Dr. Christian Muise (フローショップスケジューラ): Dr. Muise は MIT の計算機科学人工知能研究所のモデルベース組み込み・ロボットシステムグループの特別研究員である。彼は AI、データ駆動プロジェクト、マッピング、グラフ理論、データ可視化、そしてケルト音楽、彫刻、コーヒーに関心を持っている。

Yoav Rubin (CircleDB): Yoav は Microsoft の上級ソフトウェアエンジニアである。その前は IBM 研究所で研究スタッフメンバーを務めており、Master Inventer だった。彼は現在クラウド上のデータセキュリティの分野で働いており、過去にはクラウドベースおよびウェブベースの開発環境に関する仕事をした経験がある。Yoav は神経科学分野における医学研究の修士号、情報システム工学の学士号を持つ。
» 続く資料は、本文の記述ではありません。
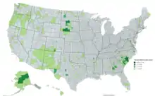 In December 1999, the National Spiritual Assembly of the United States stated that out of approximately 140,000 adult (15 and over) members on the rolls, only 70,000 had known addresses,[148] and another estimate was of 137,000 plus Iranian refugees.[49] Nearly 17 percent of US Baháʼís reported being international pioneers, while some 35 percent indicated homefront pioneering experience inside the United States to places the religion had not previously had a presence.[75] The American Religious Identity Survey (ARIS) conducted in 2001, with a sample size of 50,000, estimated that there were 84,000 self-identifying adult (21 and over) Baháʼís in the United States.[149] The Association of Religion Data Archives (relying on World Christian Encyclopedia) estimated there were some 525,000 Baháʼís in the United States in 2005[150] however internal counts in Feb 2011 show 175,000[151] excluding Alaska and Hawaiʻi. Danish researcher, Margit Warburg, stated that the Baháʼí figure reported in World Christian Encyclopedia for the United States is highly exaggerated.[152] Nevertheless as of 2020 the Association of Statisticians of American Religious Bodies noted it as the largest non-Christian religion in the country measured by county.[4]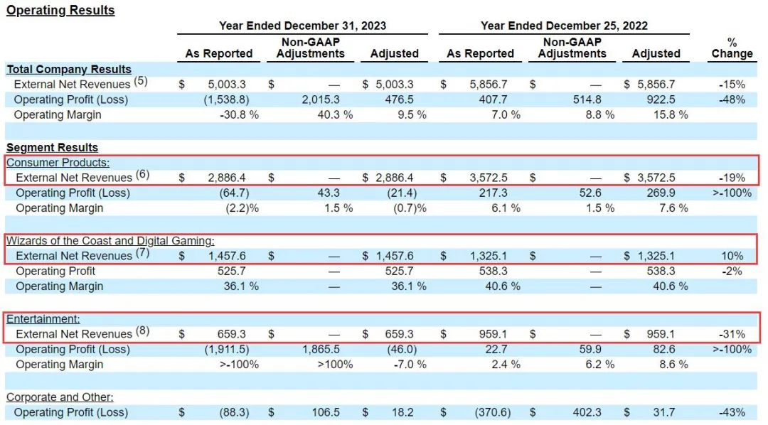 孩之宝旗下业务可分为三个部门,分别为【消费品】、【威世智与数字游戏】以及【娱乐】。据悉,孩之宝公司全年收入下降了15%,其中【威世智与数字游戏】(+10%)的增长被【消费品】(-19%)和【娱乐】(-31%)部门的下降所抵消。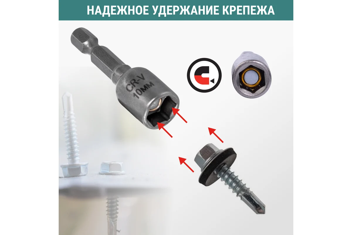 - Применение: для монтажа и демонтажа кровельных саморезов и крепежных элементов с шестигранной головкой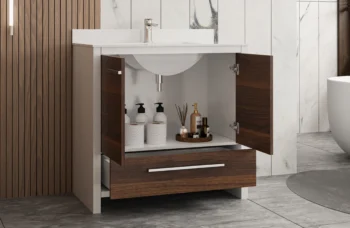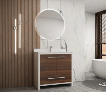 Bergamo Cairo Vanity Floor Mount Bathroom Cabinet with Sink – Walnut & White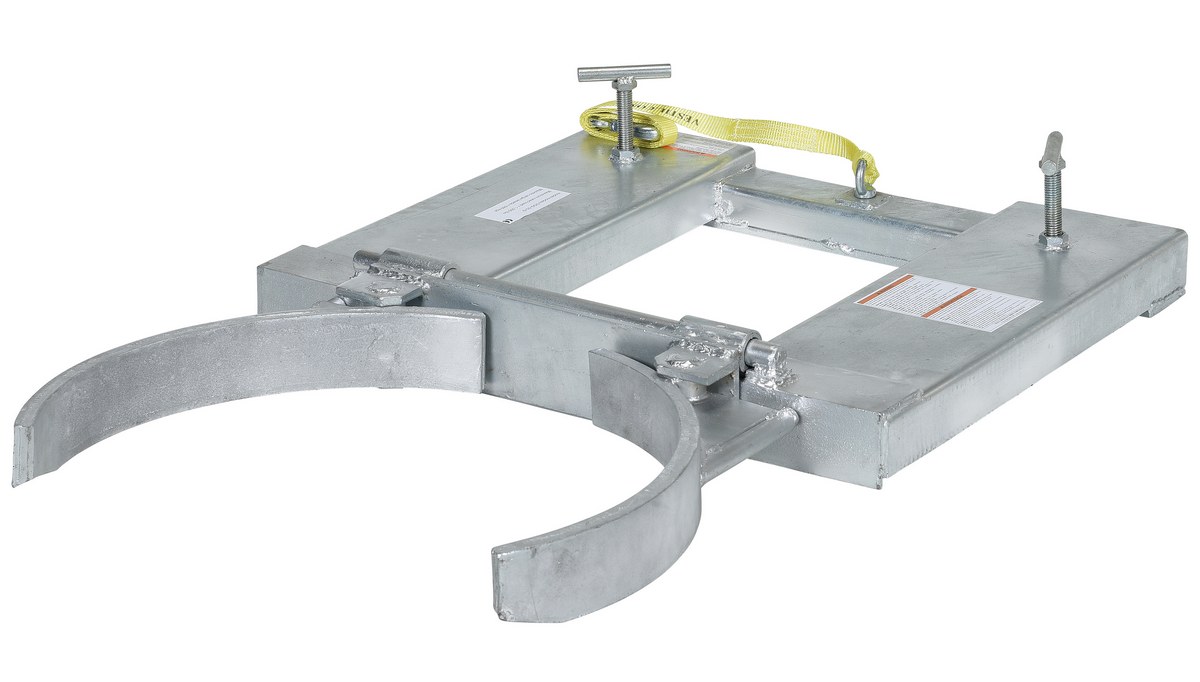 The drum grippers make it easy to pick up one or two open head (with lid installed and secured) and closed head steel drums without leaving the seat of the fork truck. Simply slip the forks into the fork tubes, fasten the safety restraint and the drum gripper is ready to go. The knuckle gripping system is lowered around the drum, gripped tightly, and then lifted into the air. Drum is automatically released by lowering the forks. All models feature hinged folding design for storage.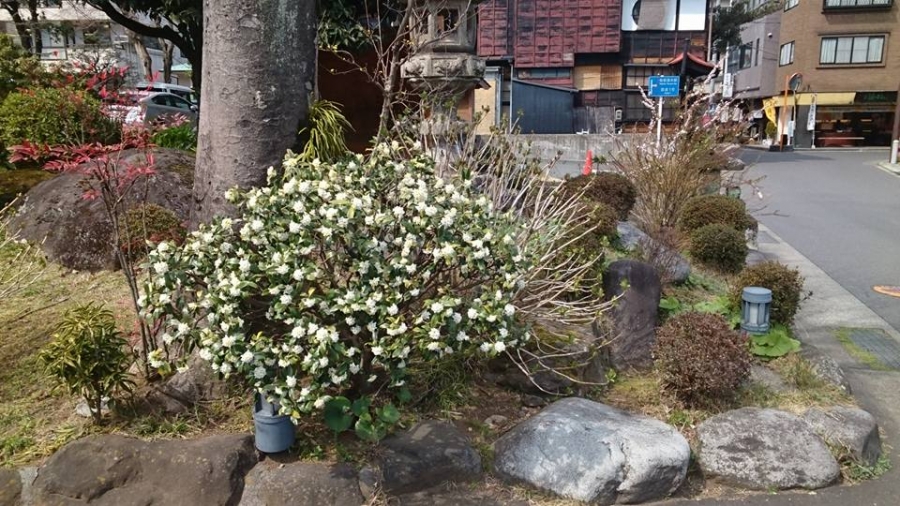 ※追記:吉池旅館さんのお花は、おそらく【ジンチョウゲ】(沈丁花)だと思われます。2月末から3月に咲くお花です。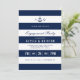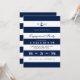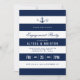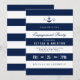 Um convite à Festa de noivado náutica ousado, mas moderno, que inclui um ponto para os monogramas noiva e noiva e informações relevantes sobre o seu evento dentro de faixas horizontais.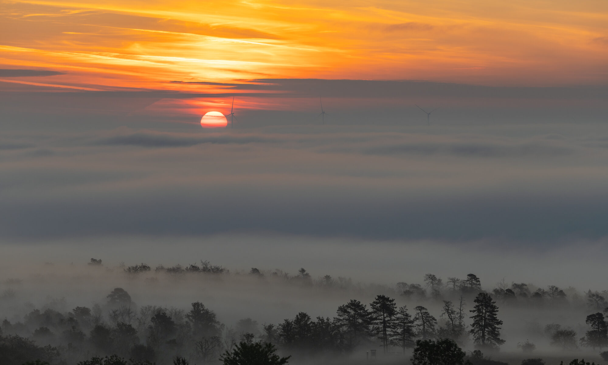 Nachdem ich erkannt hatte, dass die Sonne auf ihrem Weg über den Horizont hinter einem Windrad vorbeikommen würde, habe ich diesen Moment abpassen und mit idealen Bedinungen fotografieren können.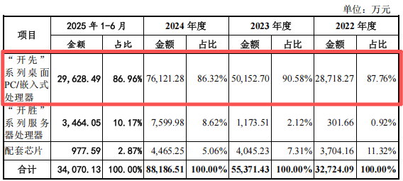 从其业务结构来看,严重依赖桌面处理器收入,2022年至2024年,“开先”系列桌面PC/嵌入式处理器收入占主营业务收入的比例分别约为87.76%、90.58%和86.32%。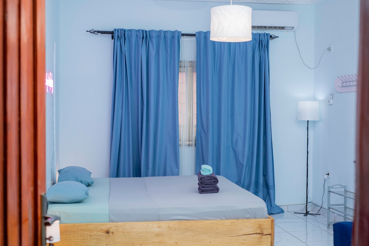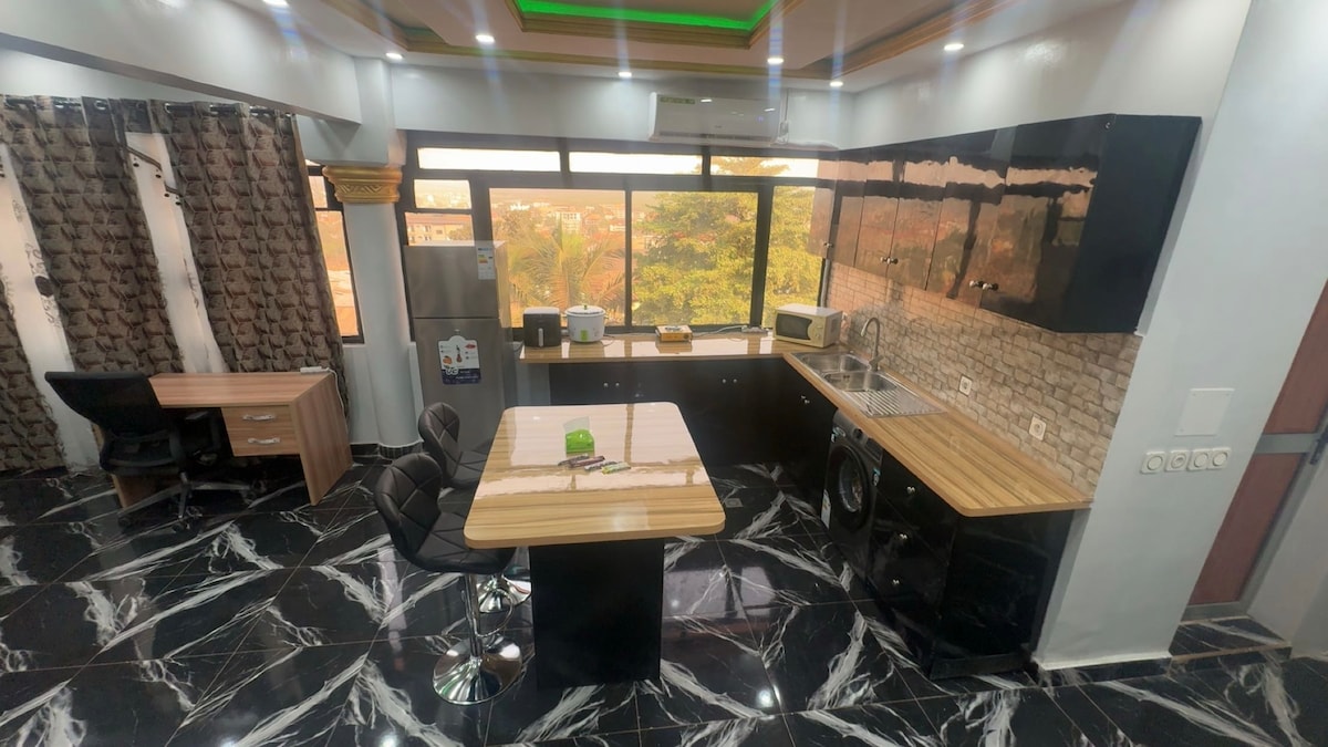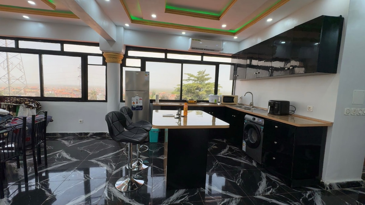 A Secured housing complex for you to enjoy individually or with the whole family. This deluxe apartment is located in the center of Kipe, Conakry, just minutes from popular local attractions such as Prima Center, Lycee Francais and the US Embassy of Guinea. Around 15mn from the airport. Enjoy our premium amenities like 24-7 WIFI connection and electricity, washer& dryer on the premises while you relax to any of our elegantly appointed rooms w/ entertainment system to make ur stay memorable.

Cate Huston (画像フィルタ): Cate はモバイルを得意とする開発者および企業家である。彼女はイギリス、オーストラリア、カナダ、中国、アメリカに移り住みながら、Google のエンジニア、IBM の Extreme Blue インターン、そしてスキー講習インストラクターとして働いてきた。Cate はモバイル開発に関する国際的なカンファレンスに登壇した経験があり、彼女の記事は Lifehacker, The Daily Beast, The Eloquent Woman, Model View Culture といった様々なサイトで公開されている。彼女はTechnically Speaking のキュレーターの一人であり、Accidentally in Code というブログを運営している。Twitter のアカウントは @catehstn である。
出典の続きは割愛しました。